There are very few control samples (ie, normal lung tissue from individuals who do not have cancer), but for around 20-25% of the lung tumour samples, there is an associated matched-normal lung sample
Hence, there are more tumour samples for which there isn't a matched-normal sample than there is tumour samples for which there is a matched normal sample
I meant, I referred to this & this, sample names ending in 01 are Tumor and those ending in 11 are Normal. When I went to the data matrix on TCGA for LUAD, there are options like Tumor-matched & Normal-matched. Also, according to this
So I am a bit confused that shouldn't there be equal number of TN & NT when you check the data matrix?
Hi, komal.rathi , if I want analysis the TCGA data talked above for a differential expression test(for paired data), whether the quantity of TN set is too small compared with the NT set for a certain cancer type? Which might lead a deviation to the result.

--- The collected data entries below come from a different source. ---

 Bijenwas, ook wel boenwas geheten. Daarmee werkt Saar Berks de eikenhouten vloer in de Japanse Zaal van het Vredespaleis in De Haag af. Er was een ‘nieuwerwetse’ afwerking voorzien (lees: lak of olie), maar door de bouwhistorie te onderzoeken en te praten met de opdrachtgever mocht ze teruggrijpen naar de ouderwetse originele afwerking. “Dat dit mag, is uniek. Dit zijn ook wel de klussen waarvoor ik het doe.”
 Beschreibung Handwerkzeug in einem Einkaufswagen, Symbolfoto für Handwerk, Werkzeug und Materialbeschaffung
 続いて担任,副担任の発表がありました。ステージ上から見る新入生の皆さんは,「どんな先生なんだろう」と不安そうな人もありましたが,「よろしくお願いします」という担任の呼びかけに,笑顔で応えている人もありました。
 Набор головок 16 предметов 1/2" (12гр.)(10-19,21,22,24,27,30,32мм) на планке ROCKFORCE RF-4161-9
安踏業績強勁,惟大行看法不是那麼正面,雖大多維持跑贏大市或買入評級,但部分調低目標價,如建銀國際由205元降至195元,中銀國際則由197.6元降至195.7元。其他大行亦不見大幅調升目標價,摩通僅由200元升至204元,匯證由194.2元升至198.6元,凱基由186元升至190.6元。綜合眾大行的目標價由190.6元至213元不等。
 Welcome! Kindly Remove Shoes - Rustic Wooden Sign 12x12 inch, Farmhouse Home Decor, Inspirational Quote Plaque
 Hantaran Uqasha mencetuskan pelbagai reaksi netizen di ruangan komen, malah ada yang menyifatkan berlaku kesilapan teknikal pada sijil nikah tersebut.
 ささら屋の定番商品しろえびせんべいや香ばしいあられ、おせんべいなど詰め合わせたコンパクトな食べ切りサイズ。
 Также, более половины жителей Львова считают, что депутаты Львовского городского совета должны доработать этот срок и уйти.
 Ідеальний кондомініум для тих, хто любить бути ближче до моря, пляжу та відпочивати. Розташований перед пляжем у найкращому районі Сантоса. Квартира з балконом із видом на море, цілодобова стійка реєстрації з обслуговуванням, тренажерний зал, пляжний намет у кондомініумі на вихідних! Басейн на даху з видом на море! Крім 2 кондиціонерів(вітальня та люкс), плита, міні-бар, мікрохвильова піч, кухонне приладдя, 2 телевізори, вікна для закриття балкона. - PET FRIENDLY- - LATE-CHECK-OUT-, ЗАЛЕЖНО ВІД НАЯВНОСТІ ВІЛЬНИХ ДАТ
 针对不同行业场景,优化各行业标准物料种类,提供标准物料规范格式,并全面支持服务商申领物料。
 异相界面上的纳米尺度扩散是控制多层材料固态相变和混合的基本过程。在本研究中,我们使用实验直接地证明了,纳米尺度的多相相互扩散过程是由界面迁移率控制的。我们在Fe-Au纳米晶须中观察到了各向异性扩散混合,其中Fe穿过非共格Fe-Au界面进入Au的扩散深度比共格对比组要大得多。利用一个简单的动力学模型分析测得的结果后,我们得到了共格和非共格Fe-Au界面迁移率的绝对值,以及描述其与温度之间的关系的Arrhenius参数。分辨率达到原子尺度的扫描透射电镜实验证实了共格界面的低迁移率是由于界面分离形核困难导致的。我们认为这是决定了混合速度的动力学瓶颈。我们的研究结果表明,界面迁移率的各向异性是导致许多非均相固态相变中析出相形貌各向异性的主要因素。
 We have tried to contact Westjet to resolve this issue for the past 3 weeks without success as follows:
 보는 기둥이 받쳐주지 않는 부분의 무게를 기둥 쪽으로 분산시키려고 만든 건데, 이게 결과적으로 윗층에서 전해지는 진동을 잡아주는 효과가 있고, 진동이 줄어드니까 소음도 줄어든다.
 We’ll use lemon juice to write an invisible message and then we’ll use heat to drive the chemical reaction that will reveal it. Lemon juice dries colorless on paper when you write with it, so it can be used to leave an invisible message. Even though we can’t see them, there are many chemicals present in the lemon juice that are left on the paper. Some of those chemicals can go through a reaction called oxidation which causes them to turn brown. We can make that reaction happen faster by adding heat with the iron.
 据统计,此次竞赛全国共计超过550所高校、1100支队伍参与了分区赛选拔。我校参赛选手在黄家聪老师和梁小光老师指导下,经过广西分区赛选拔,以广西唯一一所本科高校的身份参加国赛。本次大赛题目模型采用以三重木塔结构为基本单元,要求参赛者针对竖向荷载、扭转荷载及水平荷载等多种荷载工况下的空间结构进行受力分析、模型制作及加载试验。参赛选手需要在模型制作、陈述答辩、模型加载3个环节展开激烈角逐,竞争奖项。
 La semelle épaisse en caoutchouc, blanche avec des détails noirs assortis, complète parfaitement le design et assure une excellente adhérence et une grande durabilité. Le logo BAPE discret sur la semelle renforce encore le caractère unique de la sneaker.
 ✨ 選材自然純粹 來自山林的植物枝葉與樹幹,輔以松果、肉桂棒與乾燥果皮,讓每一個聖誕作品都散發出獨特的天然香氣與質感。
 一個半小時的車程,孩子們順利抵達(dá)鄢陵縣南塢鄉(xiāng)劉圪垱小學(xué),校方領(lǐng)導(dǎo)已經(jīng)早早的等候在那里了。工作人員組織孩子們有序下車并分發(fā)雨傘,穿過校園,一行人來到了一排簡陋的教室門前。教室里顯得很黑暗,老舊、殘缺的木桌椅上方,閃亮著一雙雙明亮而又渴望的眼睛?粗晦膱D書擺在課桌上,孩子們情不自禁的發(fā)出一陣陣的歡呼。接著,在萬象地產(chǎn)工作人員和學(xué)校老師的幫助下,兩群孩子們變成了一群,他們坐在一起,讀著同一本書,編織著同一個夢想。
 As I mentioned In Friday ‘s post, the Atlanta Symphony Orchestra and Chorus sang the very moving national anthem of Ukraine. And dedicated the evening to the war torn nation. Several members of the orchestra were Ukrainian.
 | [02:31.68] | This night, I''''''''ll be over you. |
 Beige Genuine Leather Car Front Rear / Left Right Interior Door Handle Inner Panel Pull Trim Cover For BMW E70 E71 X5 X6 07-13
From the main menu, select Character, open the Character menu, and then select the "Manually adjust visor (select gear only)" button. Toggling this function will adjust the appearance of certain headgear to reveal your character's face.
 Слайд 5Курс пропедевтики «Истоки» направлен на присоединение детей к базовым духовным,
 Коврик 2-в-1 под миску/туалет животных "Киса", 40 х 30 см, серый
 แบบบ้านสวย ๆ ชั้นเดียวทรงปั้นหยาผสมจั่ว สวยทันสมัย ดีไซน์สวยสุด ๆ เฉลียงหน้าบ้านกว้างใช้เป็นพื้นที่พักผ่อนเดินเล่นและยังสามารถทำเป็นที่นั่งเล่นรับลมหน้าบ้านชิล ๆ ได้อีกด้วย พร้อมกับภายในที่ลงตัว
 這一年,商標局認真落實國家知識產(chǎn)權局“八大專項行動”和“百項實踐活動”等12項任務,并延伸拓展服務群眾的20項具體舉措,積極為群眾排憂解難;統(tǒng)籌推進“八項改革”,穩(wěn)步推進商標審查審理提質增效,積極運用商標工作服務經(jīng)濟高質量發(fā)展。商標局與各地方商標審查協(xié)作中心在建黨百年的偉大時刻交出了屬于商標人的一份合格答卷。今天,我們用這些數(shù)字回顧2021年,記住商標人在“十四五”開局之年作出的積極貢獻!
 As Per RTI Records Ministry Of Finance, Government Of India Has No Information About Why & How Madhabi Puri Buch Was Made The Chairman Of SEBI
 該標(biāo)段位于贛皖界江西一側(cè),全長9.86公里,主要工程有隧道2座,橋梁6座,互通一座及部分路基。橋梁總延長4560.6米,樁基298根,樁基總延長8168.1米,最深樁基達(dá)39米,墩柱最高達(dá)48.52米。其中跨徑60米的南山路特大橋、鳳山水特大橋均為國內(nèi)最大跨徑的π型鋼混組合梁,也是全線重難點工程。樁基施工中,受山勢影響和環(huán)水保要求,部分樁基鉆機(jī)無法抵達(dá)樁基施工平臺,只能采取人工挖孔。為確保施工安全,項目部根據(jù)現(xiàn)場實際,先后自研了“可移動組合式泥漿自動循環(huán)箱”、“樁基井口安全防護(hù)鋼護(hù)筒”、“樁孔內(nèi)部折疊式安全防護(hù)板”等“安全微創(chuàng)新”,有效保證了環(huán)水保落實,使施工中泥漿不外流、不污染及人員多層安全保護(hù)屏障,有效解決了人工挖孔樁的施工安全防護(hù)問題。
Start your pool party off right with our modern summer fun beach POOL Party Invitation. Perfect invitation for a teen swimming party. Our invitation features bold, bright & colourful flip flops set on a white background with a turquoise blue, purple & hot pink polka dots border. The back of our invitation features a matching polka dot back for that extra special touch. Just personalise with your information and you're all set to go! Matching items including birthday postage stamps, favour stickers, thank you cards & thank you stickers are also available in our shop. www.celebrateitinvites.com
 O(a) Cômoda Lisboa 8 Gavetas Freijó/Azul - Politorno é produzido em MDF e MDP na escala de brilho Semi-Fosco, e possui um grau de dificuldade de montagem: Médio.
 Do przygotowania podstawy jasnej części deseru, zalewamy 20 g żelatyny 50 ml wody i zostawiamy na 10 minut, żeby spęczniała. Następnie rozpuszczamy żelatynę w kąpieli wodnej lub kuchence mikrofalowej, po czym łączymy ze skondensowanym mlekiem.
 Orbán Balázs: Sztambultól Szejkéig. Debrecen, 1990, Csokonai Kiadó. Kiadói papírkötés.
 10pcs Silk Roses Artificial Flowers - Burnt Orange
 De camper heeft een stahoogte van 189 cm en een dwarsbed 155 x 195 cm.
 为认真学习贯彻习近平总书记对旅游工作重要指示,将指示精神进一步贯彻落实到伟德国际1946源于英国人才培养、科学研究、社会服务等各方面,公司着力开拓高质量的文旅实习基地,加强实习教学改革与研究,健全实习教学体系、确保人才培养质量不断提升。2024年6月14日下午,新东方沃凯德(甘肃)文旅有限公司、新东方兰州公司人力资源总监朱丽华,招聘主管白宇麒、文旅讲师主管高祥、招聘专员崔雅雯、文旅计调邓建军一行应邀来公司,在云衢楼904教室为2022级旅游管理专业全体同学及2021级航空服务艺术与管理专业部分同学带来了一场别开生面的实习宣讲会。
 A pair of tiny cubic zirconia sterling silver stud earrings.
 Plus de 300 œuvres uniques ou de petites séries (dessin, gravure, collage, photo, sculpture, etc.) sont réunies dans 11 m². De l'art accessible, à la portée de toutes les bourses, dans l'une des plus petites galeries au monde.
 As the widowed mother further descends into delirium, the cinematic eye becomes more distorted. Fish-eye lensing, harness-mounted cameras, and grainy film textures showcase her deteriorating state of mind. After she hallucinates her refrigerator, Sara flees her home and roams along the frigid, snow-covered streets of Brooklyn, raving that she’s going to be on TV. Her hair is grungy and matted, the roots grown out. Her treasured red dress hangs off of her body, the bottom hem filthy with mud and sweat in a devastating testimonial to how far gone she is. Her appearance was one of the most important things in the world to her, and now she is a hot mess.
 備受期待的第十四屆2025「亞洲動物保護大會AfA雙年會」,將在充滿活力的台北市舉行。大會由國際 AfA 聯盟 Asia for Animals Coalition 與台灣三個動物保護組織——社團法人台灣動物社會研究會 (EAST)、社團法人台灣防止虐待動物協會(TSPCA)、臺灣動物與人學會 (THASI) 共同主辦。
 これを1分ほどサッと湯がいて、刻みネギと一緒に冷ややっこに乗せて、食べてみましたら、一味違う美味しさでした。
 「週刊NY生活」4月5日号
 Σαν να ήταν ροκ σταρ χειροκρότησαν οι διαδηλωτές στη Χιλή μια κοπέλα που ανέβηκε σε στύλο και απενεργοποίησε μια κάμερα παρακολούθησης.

Maybe it would be better, if I using the RNASeq data for the normal sample(without any cancer) as the control set for the differential analysis compared with a certain cancer? Will you give me a light where could I get the RNASeq dataset compared with TCGA?
Thanks!
@ komal.rathi
I need to download the RNA-Seq data, only (raw read counts for gene quantification) for Ovarian cancer patients from TCGA. I am not interested in downloading all the cases present in TCGA. I want a considerable number of patients with tumor and its match normal for which I can retrieve the RNA-Seq raw counts . I am bit confused as to what criteria of selection should I do? I have download the 489 cases of OvaCa data from TCGA having the gene expression values but there is no mention of which are for normal and which are for tumor. Can you let me know how I should do it from the portal? Correct me if ma wrong, I should first select TN RNA-Seq data for OV (color code blue), this is will give batch wise RNA-Seq V1 for tumor tissues. Now I should do the NT for finding the expression data of the samples samples of the normal for which I downloaded tumor data right? please share your idea.
ivivek_ngs
I am assuming you have the barcodes, e.g.
TCGA-09-0364-01
, for each of your samples. This is the code table I referred to. The last two digits tell you if it is a tumor or normal sample. I used the TCGA Assembler to first download everything and then extracting out the matched Tumor and Normal samples. When you download from the data matrix, blue is for Matched Tumor sample and yellow is for Matched Normal sample.But I just checked, there is no matched normal sample available for download for Ovarian serous cystadenocarcinoma in TCGA. I went to the data matrix portal, selected RNASeq and RNASeqV2 in Data Type, Level 3 in Data Level, and Tumor - matched & Normal - matched in Tumor/Normal section. It returned only Matched Tumor samples but no matched Normal samples. I guess they are not available for download yet.
@ komal.rathi
Yes I could not find the matched normal samples as well for both RNASeq and RnASeqV2 in the data type for Level 3. It also returned only blue codes which is for matched tumor samples. So I guess it would be not possible for me to get a few patient cohort that might give me matched tumor and normal RNA-Seq data. Will it be helpful to download the clinical data from any other repositories?? Any inputs on that? I have asked a question in another link, if you would like to answer.
ivivek_ngs I am not aware of any other repository but I will try to find it.
Oh, alright! Thanks!
Download-->TCGA-Assembler software
Download-->TCGA-Assembler Manual: http://www.compgenome.org/TCGA-Assembler/documents/TCGA-Assembler%20User%20Manual.pdf
Refer to section--> "ExtractTissueSpecificSamples" on page 27.